Doctor Who_ Set Piece - Kate Orman [23]
‘That’s all women are good for,’ growled the Assyrian, chugging the black stuff down. ‘Making bread and babies.’
‘Ah,’ snorted Ace, ‘but all men are good for is braining one another with swords.’
‘Which job would you prefer?’ he said, spilling beer down his front.
Ace laughed. ‘I can do both.’
Her laughter echoed inside her head, like the laughter of Chinese women lined up in a courtyard. Sesehaten was looking out at the desert, the immensity of the Red Land, cloaked in the blackness of the sky.
Out of nowhere the storm came, as desert storms come. Pink lightning cracked, the air stank of ozone, and the water came down. Ace stuck out her tongue to catch some. The valley rattled as the sudden flood swept through crevices and down alleys, boulders and chips flying in the torrent.
She wanted to show it to the Doctor, hear him say clever things about weather and butterflies and grains of sand. She kept thinking of things she wanted to tell him; she kept wanting to ask Bernice questions about Ancient Egypt.
They watched the storm, listening to the roar of the water. Water and movement in the silent, dusty desert. They were lucky to catch this rare moment 45
of chaos. ‘You don’t really have weather here, do you?’ said Ace. ‘The same forecast every day. Hot. Nothing changes.’
‘How much longer?’ asked Sesehaten.
‘While there’s life,’ she said firmly, ‘there’s hope. Just as long as it takes.’
‘Race you to the top!’
Ace craned her neck back. The sun was behind the top of the Great Pyramid, creating a halo of harsh light around the tip. Sedjet was already clambering agilely up the first few steps. He sat down on one of the sandstone blocks, looking down at her.
‘I thought you said you’d climbed the Pyramid before.’
‘Only about a dozen times,’ the Egyptian grinned. ‘We always come here on holidays.’
‘It’s true,’ sighed Mrs. Sedjet. ‘He has to climb to the top every time.’
‘The view is great!’
‘View? What view?’ Ace waved her hand at the desert. ‘Look, why don’t you go ahead?’
‘Are you feeling alright?’ Sedjet said, pouting. ‘The climb isn’t that hard.’
Ace shook her head. ‘I’m fine. You go ahead. Go on.’
After a bit he did, leaping up over the ruined face of the Pyramid. Ace sighed, sitting down on the sand with her back to the sandstone.
Suddenly one of the tourists did not turn out to be the Doctor.
One of Mrs. Sedjet’s servants brought her a stool. She gave Ace a maternal smile. It occurred to the time traveller that Sedjet’s wife was not much older than she was. People grew up fast here, same as they had in Uruk and Tenochtitlan. They grew up fast and died young. They were short and had terrible teeth and died of little things like dirty water and small scratches –
stupid things.
There were some compensations, though. No-one here was going to die of fall-out or air pollution or too much junk food. If they wanted to kill one another they had to do it the old-fashioned way, eye to eye, shoving forged metal through one another. And you couldn’t destroy a whole country, let alone a whole planet.

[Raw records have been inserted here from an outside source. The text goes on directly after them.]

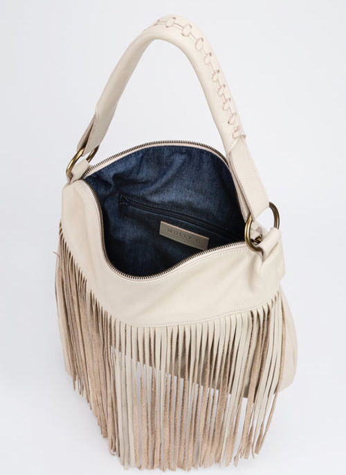 Gotta love Estelle, this free-spirited hobo. Swingy, sassy and stunningly fringed. Perfect first impression bag. Roomy inside. A real showstopper!
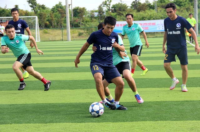 Trận đấu giữa đội bóng HueWaco FC và công ty Điện lực Thừa Thiên Huế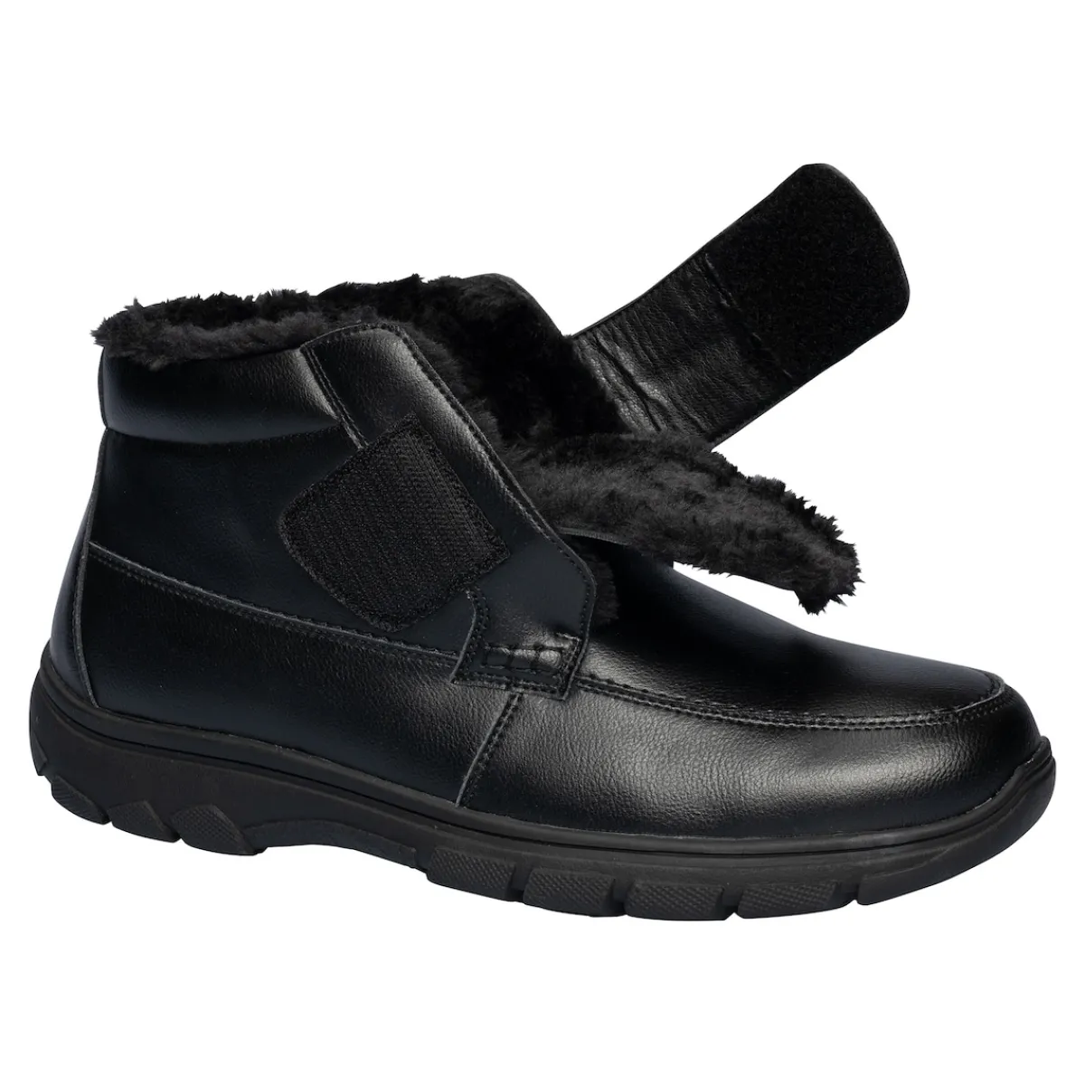Bei diesem Stiefel mit Obermaterial aus echtem Leder ist Wohlfühlen angesagt, das bereits beim Anziehen beginnt. Dank Klettverschluss schlüpfen Sie mühelos hinein und können die Weite individuell an Ihre Fußbreite anpassen. Komplett mit Plüsch gefüttert, bleiben Ihre Füße auch bei kalten Temperaturen angenehm warm. Mit rutschhemmender Profil-Laufsohle.

Life was lived on a smaller scale here, she thought, leaning back on the Pyramid.
Mrs. Sedjet said, ‘This is a pleasant place to visit. Though there are a few too many tourists for my tastes.’
Ace laughed shortly. ‘They’re really old, even now, aren’t they?’
‘The Pyramids? They’re the oldest thing in the world. I suppose Egyptians should be proud of them.’ She folded her hands in her lap, looking a bit lost 46
without her daughters. The servants were looking after the infants back at Akhetaten. ‘Why didn’t you care to go to the top?’
Ace blinked up at her, shading her eyes with her hands. ‘I don’t know. I guess I’m not that interested.’ She blew out a sigh. ‘Sedjet’s probably going to sulk for a week.’
‘He does like to take you everywhere.’
‘Yeah.’ Ace squirmed against the warm stone. ‘I’ve been meaning to say to you – um, well – there’s nothing going on between us,’ she blurted.